Wo Flatrate draufsteht, soll künftig bei der Telekom auch Flatrate drin sein. Laut dem Nachrichtenmagazin Focus(öffnet im neuen Fenster) will das Unternehmen den Begriff aus seinen gedrosselten Tarifen entfernen. Damit kommt die Telekom einem Urteil des Landgerichts Köln vom 30. Oktober 2013 nach. Das Gericht hatte die Vertragsklauseln für unzulässig erklärt, die eine Drosselung der Geschwindigkeit bei Flatrate-Tarifen vorsehen.

Geklagt hatte die Verbraucherzentrale Nordrhein-Westfalen(öffnet im neuen Fenster) . Der Grund: Die nachträgliche Drosselung der als Flatrate beworbenen Tarife sei eine "unangemessene Benachteiligung" für die Kunden. "Kunden sollten über die gesamte Laufzeit die Sicherheit haben, dass das versprochene Surftempo nicht reduziert wird." Der Verbraucherzentrale ging es um die Verträge der Call-&-Surf- und Entertain-Tarife der Telekom.

Laut Focus will die Telekom schon im Dezember den Begriff Flatrate aus seinen Drosselungstarifen streichen.
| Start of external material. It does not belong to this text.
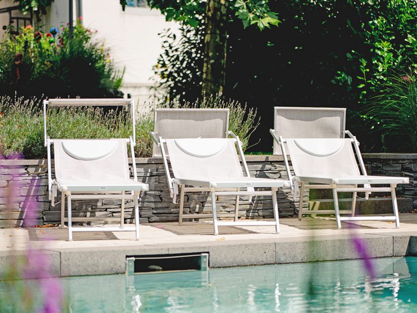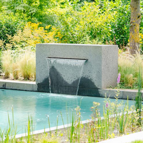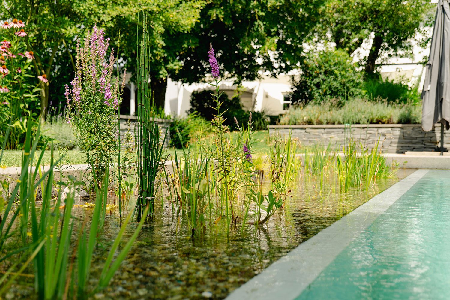 Wir durften ein besonderes Projekt in Eigenregie für unsere Kunden umsetzen, von der Planung und Konzeption bis zur regelmäßigen Pflege. Dabei entstand eine Naturpoolanlage im 2-Kammer-System, bei dem der Schwimmbereich vom Filterbereich getrennt ist. Vier Photovoltaik-betriebene Pumpen, kombiniert mit Schwammfiltern und einer UV-Kläreinheit, sorgen für klares Wasser. Alle Belagsarbeiten aus Naturstein und Holz wurden aus eigener Hand ausgeführt. Die Ausstattungsgegenstände wurden in Absprache mit den Kunden geliefert. Das Pflanzkonzept und die Pflanzung wurden ebenfalls von uns übernommen.

Damit hat die Telekom das Urteil aber nicht unbedingt erfolgreich umgangen: "Sollte die Telekom lediglich vorhaben, gedrosselte DSL-Verträge künftig nicht mehr Flatrate zu nennen, so wäre das juristisch bedenklich und keinesfalls ausreichend" , zitiert das Nachrichtenmagazin einen Verbraucherschützer.

Am Montag gegen 11 Uhr wolle die Deutsche Telekom in einer Telefonkonferenz Details zur neuen Tarifstrategie nennen, schreibt Tech-Blogger Caschy(öffnet im neuen Fenster) .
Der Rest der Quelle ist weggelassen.